While the Committee has the responsibilities and powers set forth in this Charter, it is not the duty of the Committee to plan or conduct audits or to determine that the Company’s financial statements are complete and accurate and are in accordance with generally accepted accounting principles.
Nothing contained in this Charter is intended to alter or impair the operation of the “business judgment rule” as interpreted by the courts under the Delaware General Corporation Law. Further, nothing contained in this Charter is intended to alter or impair the right of the Members to rely, in discharging their responsibilities, on the records of the Company and on other information presented to the Committee, Board or Company by its officers or employees or by outside experts and advisers such as the Company’s independent auditor.
Structure & Meetings
The chairperson of the Committee shall be designated by the Board or, in the absence of such a designation, by a majority of the Members. The designated chairperson shall preside at each meeting of the Committee and, in consultation with the other Members, shall set the frequency and length of each meeting and the agenda of items to be addressed at each meeting. In the absence of the designated chairperson at any meeting of the Committee, the Members present at such meeting shall designate a chairperson pro tem to serve in that capacity for the purposes of such meeting (not to include any adjournment thereof) by majority vote. The chairperson (other than a chairperson pro tem) shall ensure that the agenda for each meeting is distributed to each Member in advance of the applicable meeting.

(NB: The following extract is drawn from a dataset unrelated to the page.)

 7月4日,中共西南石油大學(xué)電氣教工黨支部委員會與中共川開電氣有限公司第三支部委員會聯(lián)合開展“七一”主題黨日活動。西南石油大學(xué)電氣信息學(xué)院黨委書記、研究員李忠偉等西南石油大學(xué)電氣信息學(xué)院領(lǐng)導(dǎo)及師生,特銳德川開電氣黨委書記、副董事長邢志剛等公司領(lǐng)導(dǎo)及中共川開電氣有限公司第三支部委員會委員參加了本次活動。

The Committee shall meet as often as it determines to be necessary and appropriate, but not less than quarterly each year. The Committee may establish its own schedule, provided that it shall provide such schedule to the Board in advance. The chairperson of the Committee or a majority of the Members may call special meetings of the Committee upon notice as is required for special meetings of the Board in accordance with the Company’s bylaws. A majority of the appointed Members, but not less than two (2) Members, shall constitute a quorum for the transaction of business. Members may participate in a meeting through use of conference telephone or similar communications equipment, so long as all Members participating in such meeting can hear one another, and such participation shall constitute presence in person at such meeting.

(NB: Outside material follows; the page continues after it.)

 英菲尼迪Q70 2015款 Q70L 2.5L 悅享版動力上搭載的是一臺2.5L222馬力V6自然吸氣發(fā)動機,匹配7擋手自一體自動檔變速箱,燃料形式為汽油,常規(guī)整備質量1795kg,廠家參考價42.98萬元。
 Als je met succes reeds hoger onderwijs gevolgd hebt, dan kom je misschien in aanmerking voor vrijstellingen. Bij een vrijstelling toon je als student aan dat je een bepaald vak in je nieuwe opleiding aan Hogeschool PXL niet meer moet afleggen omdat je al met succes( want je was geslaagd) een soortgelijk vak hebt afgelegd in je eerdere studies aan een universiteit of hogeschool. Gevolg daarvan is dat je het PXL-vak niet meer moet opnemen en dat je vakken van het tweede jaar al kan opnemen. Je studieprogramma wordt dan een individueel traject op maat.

The Committee may meet with any person or entity in executive session as desired by the Committee. The Committee shall meet with the Company’s independent auditors, at such times as the Committee deems appropriate, to review the independent auditor’s examination and management report.
Unless the Committee by resolution determines otherwise, any action required or permitted to be taken by the Committee may be taken without a meeting if all Members consent thereto in writing and the writing or writings are filed with the minutes of the proceedings of the Committee. The Committee may form and delegate authority to subcommittees when appropriate.
The Committee shall maintain written minutes of its meetings, which minutes shall be filed with the minutes of the meetings of the Board.